In Christ. This is the second proof that the election is free; for if we are chosen in Christ, it is not of ourselves. It is not from a perception of anything that we deserve, but because our heavenly Father has introduced us, through the privilege of adoption, into the body of Christ. In short, the name of Christ excludes all merit, and everything which men have of their own; for when he says that we are chosen in Christ, it follows that in ourselves we are unworthy.
That we should be holy. This is the immediate, but not the chief design; for there is no absurdity in supposing that the same thing may gain two objects. The design of building is, that there should be a house. This is the immediate design, but the convenience of dwelling in it is the ultimate design. It was necessary to mention this in passing; for we shall immediately find that Paul mentions another design, the glory of God. But there is no contradiction here; for the glory of God is the highest end, to which our sanctification is subordinate.
This leads us to conclude, that holiness, purity, and every excellence that is found among men, are the fruit of election; so that once more Paul expressly puts aside every consideration of merit.
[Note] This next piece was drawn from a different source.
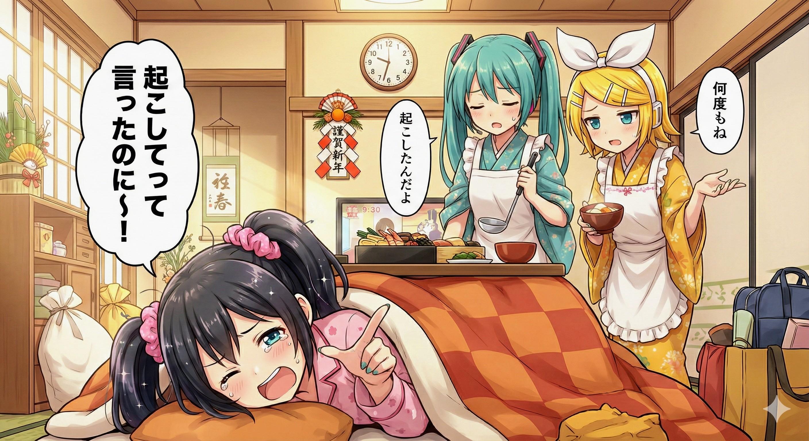 年越し参り こたつに負けたアケちゃん😁 2025/12/31 使用したAI Gemini #初音ミク #鏡音リン #こたつ #睡魔 #Gemini #ちちぷい年末年始 #アケちゃん #年越し参り 呪文 入力なし じゃんけん ぽい 1,078 投稿 フォロー 111 フォロワー 111 Gemini生成ミクさんを主に投稿してみようかなと( ̄∇ ̄)R15とかR18の判断が悩ましいぃあまり返信はしませんが、コメント有り難く思います。 じゃんけん ぽいさんの他の作品 じゃんけん ぽいさんの他の作品 恵方巻き皆で作って皆で食べよ~!🎶 じゃんけん ぽい ウサギが一番悪だった2 じゃんけん ぽい ミクさん ライブ じゃんけん ぽい ゴシック ちびセイバー じゃんけん ぽい ミクさん達の銀河鉄道の旅 じゃんけん ぽい 恵方巻き皆で作って皆で食べよ~!🎶 じゃんけん ぽい ウサギが一番悪だった2 じゃんけん ぽい ミクさん ライブ じゃんけん ぽい ゴシック ちびセイバー じゃんけん ぽい ミクさん達の銀河鉄道の旅 じゃんけん ぽい キャンプファイヤー🔥 じゃんけん ぽい

If God had foreseen in us anything worthy of election, it would have been stated in language the very opposite of what is here employed, and which plainly means that all our holiness and purity of life flow from the election of God. How comes it then that some men are religious, and live in the fear of God, while others give themselves up without reserve to all manner of wickedness? If Paul may be believed, the only reason is, that the latter retain their natural disposition, and the former have been chosen to holiness. The cause, certainly, is not later than the effect. Election, therefore, does not depend on the righteousness of works, of which Paul here declares that it is the cause.
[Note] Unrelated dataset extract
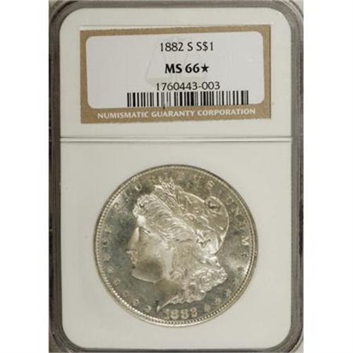 <B>1882-S $1 MS66</B></I> S<B> NGC.</B></I> NGC Census: (5133/1306). PCGS Population (3741/585). Mintage: 9,250,000. Numismedia Wsl. Price for NGC/PCGS coin in MS66: $248. (#7140)<BR><BR><B>Coin Engraver:</B> George T. Morgan<BR><BR><b>Shipping:</b> Coins & Currency (<a target="_blank" href="http://www.heritageauctions.com/common/shipping.php">view shipping information</a>)

We learn also from these words, that election gives no occasion to licentiousness, or to the blasphemy of wicked men who say, “Let us live in any manner we please; for, if we have been elected, we cannot perish.” Paul tells them plainly, that they have no right to separate holiness of life from the grace of election; for
“whom he did predestinate, them he also called, and whom he called, them he also justified.” (Ro 8:30.)
The inference, too, which the Catharists, Celestines, and Donatists drew from these words, that we may attain perfection in this life, is without foundation. This is the goal to which the whole course of our life must be directed, and we shall not reach it till we have finished our course. Where are the men who dread and avoid the doctrine of predestination as an inextricable labyrinth, who believe it to be useless and almost dangerous? No doctrine is more useful, provided it be handled in the proper and cautious manner, of which Paul gives us an example, when he presents it as an illustration of the infinite goodness of God, and employs it as an excitement to gratitude. This is the true fountain from which we must draw our knowledge of the divine mercy. If men should evade every other argument, election shuts their mouth, so that they dare not and cannot claim anything for themselves. But let us remember the purpose for which Paul reasons about predestination, lest, by reasoning with any other view, we fall into dangerous errors.
Before him it love. Holiness before God (κατενώπιον αὐτοῦ) is that of a pure conscience; for God is not deceived, as men are, by outward pretense, but looks to faith, or, which means the same thing, the truth of the heart. If we view the word love as applied to God, the meaning will be, that the only reason why he chose us, was his love to men. But I prefer connecting it with the latter part of the verse, as denoting that the perfection of believers consists in love; not that God requires love alone, but that it is an evidence of the fear of God, and of obedience to the whole law.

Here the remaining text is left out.